NEW YORK – Silence Therapeutics on Thursday said top-line data from its ongoing Phase II clinical trial of the experimental cardiovascular drug zerlasiran supports advancing the drug into a Phase III clinical trial at a dose of 300 milligrams.
London-based Silence Therapeutics is studying zerlasiran within a randomized-controlled Phase II clinical trial dubbed ALPACAR-360, which enrolled patients at high risk of atherosclerotic cardiovascular disease events and elevated lipoprotein(a), a type of low-density lipoprotein cholesterol that's associated with cardiovascular diseases.
Patients received a placebo or zerlasiran every 16 weeks or 24 weeks for a 48-week treatment period. Zerlasiran, an siRNA therapy, targets and degrades the mRNA that encodes for one of Lp(a)'s core components, apolipoprotein(a).
Zerlasiran-treated patients experienced sustained reductions in Lp(a) from baseline compared to the group that received a placebo through week 48. The median maximum Lp(a) reduction was about 90 percent or greater and was observed for the two doses that investigators studied in the clinical trial, 300 milligrams or 450 milligrams.

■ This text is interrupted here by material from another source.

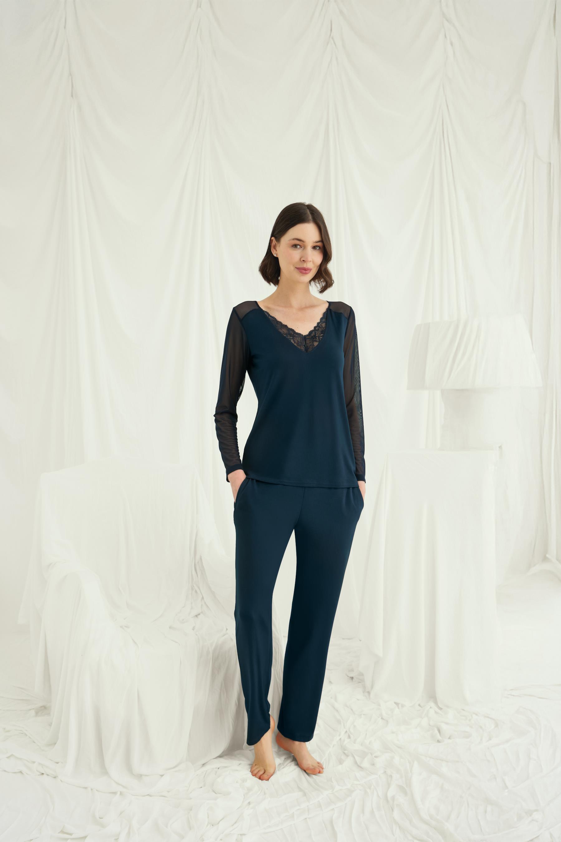 Üst: Gece mavisi renklidir, V yakalıdır, yakası dantellidir, uzun kolludur, kolları tüllüdür, sırt dekoltelidir, Örme kumaştır. Alt: Gece mavisi renklidir, ceplidir, örme kumaştır.

Zerlasiran was tolerated well, and investigators observed no serious safety concerns. Patients will continue to be monitored through week 60.
The Phase II data suggest "an infrequent dosing regimen of at least quarterly with the 300 milligram dose," Steven Romano, Silence Therapeutics' head of R&D, said in a statement. "We look forward to advancing zerlasiran to Phase III as a potential treatment for this major unmet need in cardiovascular disease."
Silence Therapeutics leadership previously said the company expects to launch a registrational Phase III trial in 2025, in which investigators will track cardiovascular outcomes on zerlasiran.
There are multiple investigational drugs targeting Lp(a) in clinical trials, including candidates from Novartis Pharmaceuticals, Amgen, and Eli Lilly, but none have been approved for marketing.